Yeah, nothing's going to eat that broomweed, except bison or rhinocerous. I'm not gonna go there... :cowboy:
Even if cows graze through it, they'll come up with eye injuries from poking themselves on its stiff stems and branches.
I've dealt with it, too. Broomweed will usually move into an unmaintained pasture around here. The stems are like dowel rods. Right now, I would suggest shredding it short. Then wait a month or two and spray with 2,4-d for winter weeds, because you might get hit by plaintain this winter. Next spring, watch for the young broomweed coming up. Note that young broomweed looks totally different from the mature plant you're seeing now. In its young phase, it's a single vertical stalk coming up, with 2" straight leaves curling out from it. At that point, especially if it's under 6 inches, it's very susceptible to 2,4-d. I'd go pretty heavy at 1.5 to 2 quarts per acre, with a surfactant.

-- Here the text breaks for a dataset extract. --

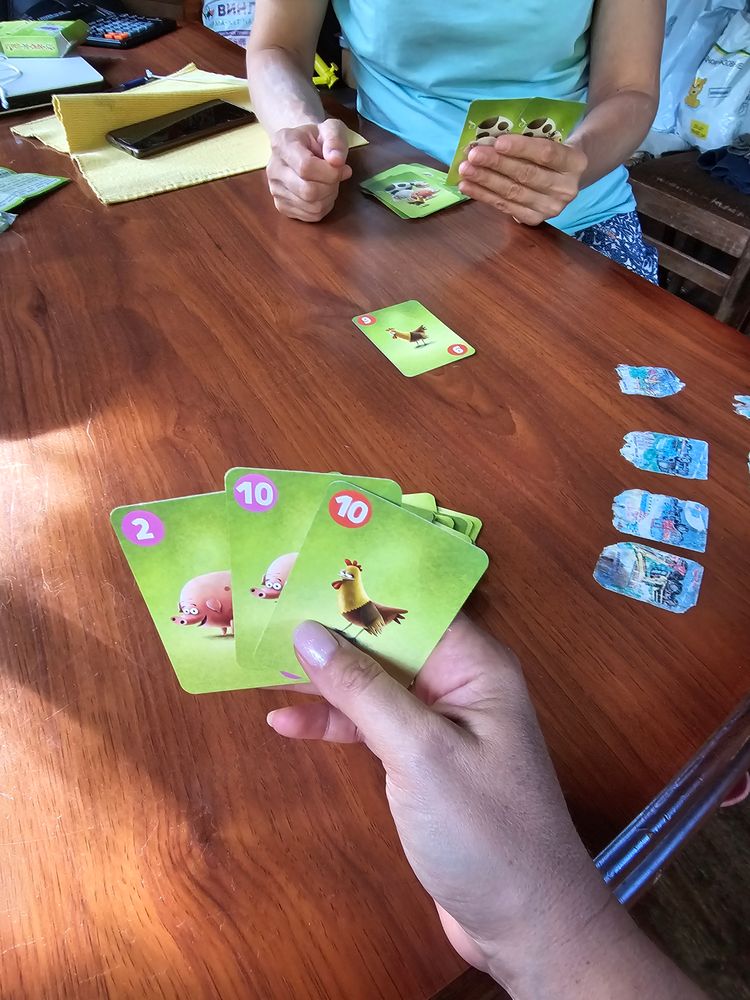Очень давно хотела попробовать. Оказалось, что коробочка есть у подруги. С ней мы игру и разложили. Всё таки Десять свинок на счёт мне нравятся больше!

You might need to do a second spraying in late May, to get what the first spraying missed. Beyond that, you'll have to just wait for the spring rains, if any, to bring up whatever grass is there. I nailed the broomweed and ragweed this spring, so I'm keeping cows off my pasture this year, letting the native grass thicken out (which it's doing very nicely) and go to seed. Then after it seeds out, I'll cut it down and repeat the spray schedule described above. I'm tentatively planning to start grazing it again next spring around May or June.
Watch that mesquite, it will consume your land. Spray the trunks up about 24" with a 25/75 Remedy/diesel mix and that will kill them. You didn't mention anything about cedar (ashe juniper), an overwhelming problem on much Texas land.
I agree with some others here that you might have been a little premature putting cows on it at this point.